Work instruction >> Copy, without a single change, each line from the one that holds "澜沧古茶时间的味道10年醇普洱茶熟茶饼茶云南茶叶熟普礼盒装240g" to the bottom of the entries below, and drop any pictures.
[Opening Entries provided section]
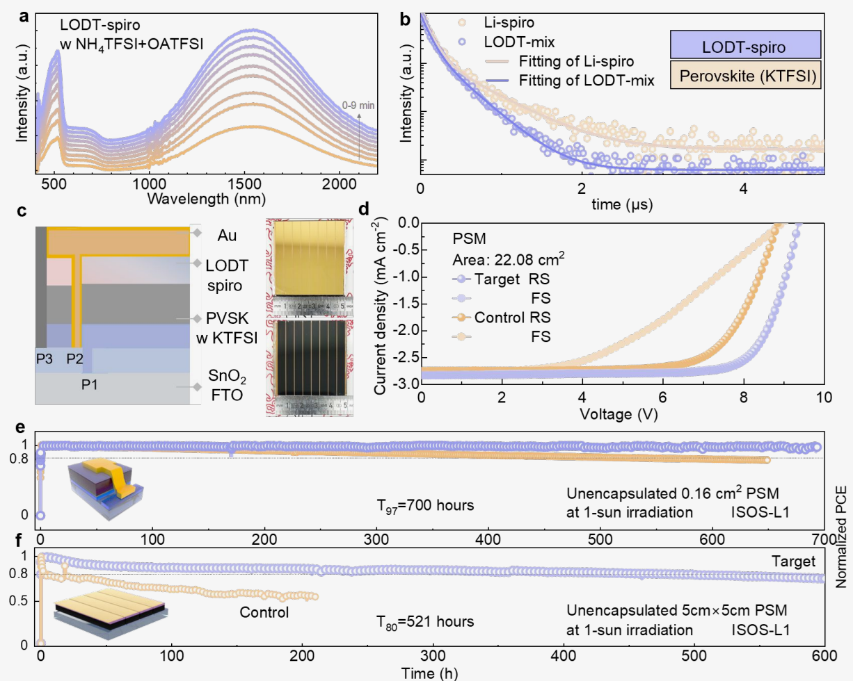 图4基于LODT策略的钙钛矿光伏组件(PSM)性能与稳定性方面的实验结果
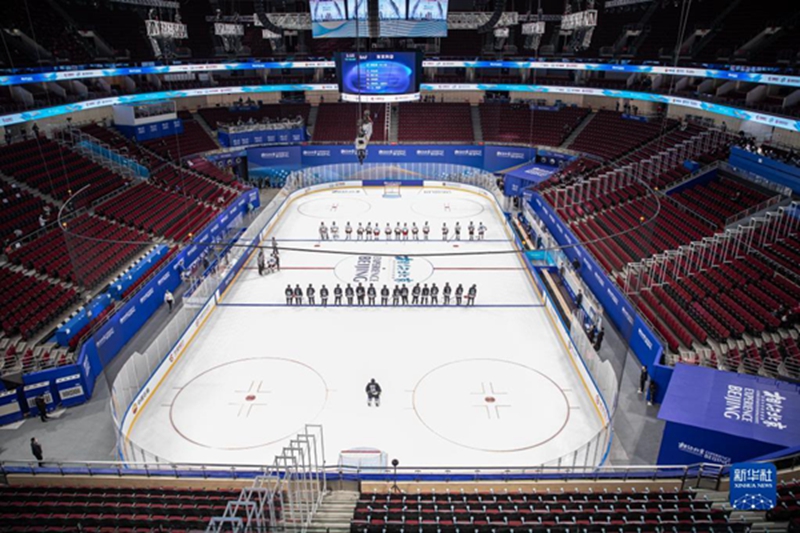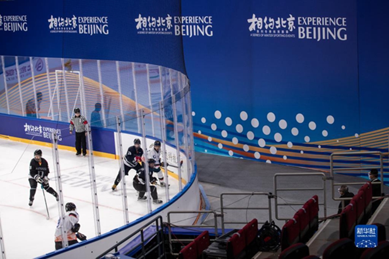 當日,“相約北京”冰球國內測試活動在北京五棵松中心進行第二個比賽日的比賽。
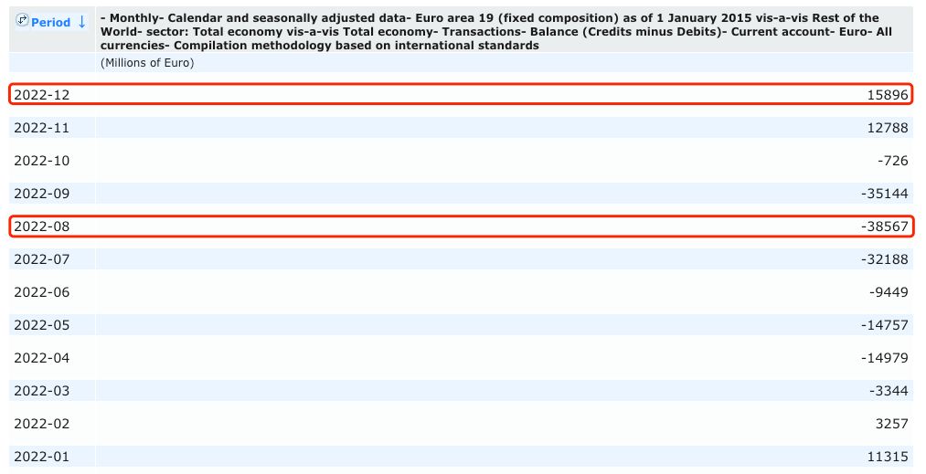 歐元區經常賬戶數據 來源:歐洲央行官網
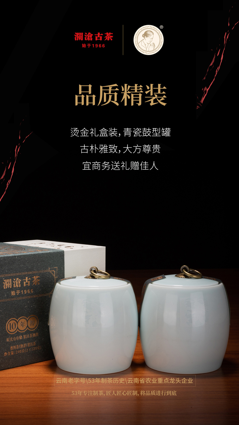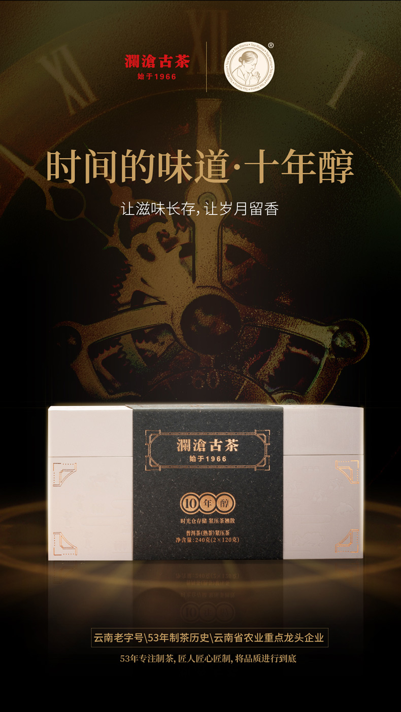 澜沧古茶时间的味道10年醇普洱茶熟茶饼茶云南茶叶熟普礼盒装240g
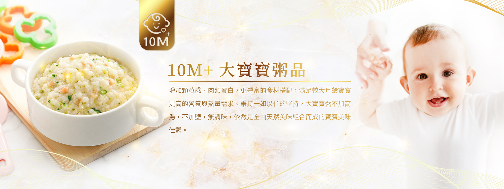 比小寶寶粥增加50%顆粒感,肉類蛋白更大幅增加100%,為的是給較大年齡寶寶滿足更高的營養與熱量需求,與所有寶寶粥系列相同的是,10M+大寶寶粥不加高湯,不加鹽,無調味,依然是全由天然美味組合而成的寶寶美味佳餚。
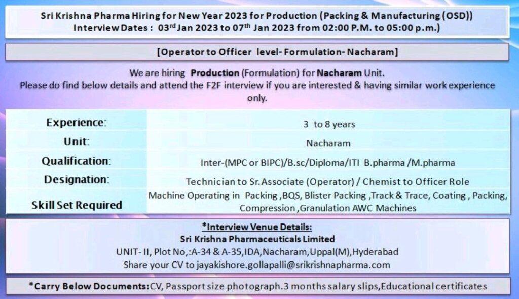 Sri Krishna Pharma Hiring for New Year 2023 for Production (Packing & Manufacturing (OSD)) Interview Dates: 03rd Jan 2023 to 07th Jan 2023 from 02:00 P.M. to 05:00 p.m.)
[Closing Entries provided section]
Result for this exercise >>
 澜沧古茶时间的味道10年醇普洱茶熟茶饼茶云南茶叶熟普礼盒装240g
 比小寶寶粥增加50%顆粒感,肉類蛋白更大幅增加100%,為的是給較大年齡寶寶滿足更高的營養與熱量需求,與所有寶寶粥系列相同的是,10M+大寶寶粥不加高湯,不加鹽,無調味,依然是全由天然美味組合而成的寶寶美味佳餚。
 Sri Krishna Pharma Hiring for New Year 2023 for Production (Packing & Manufacturing (OSD)) Interview Dates: 03rd Jan 2023 to 07th Jan 2023 from 02:00 P.M. to 05:00 p.m.)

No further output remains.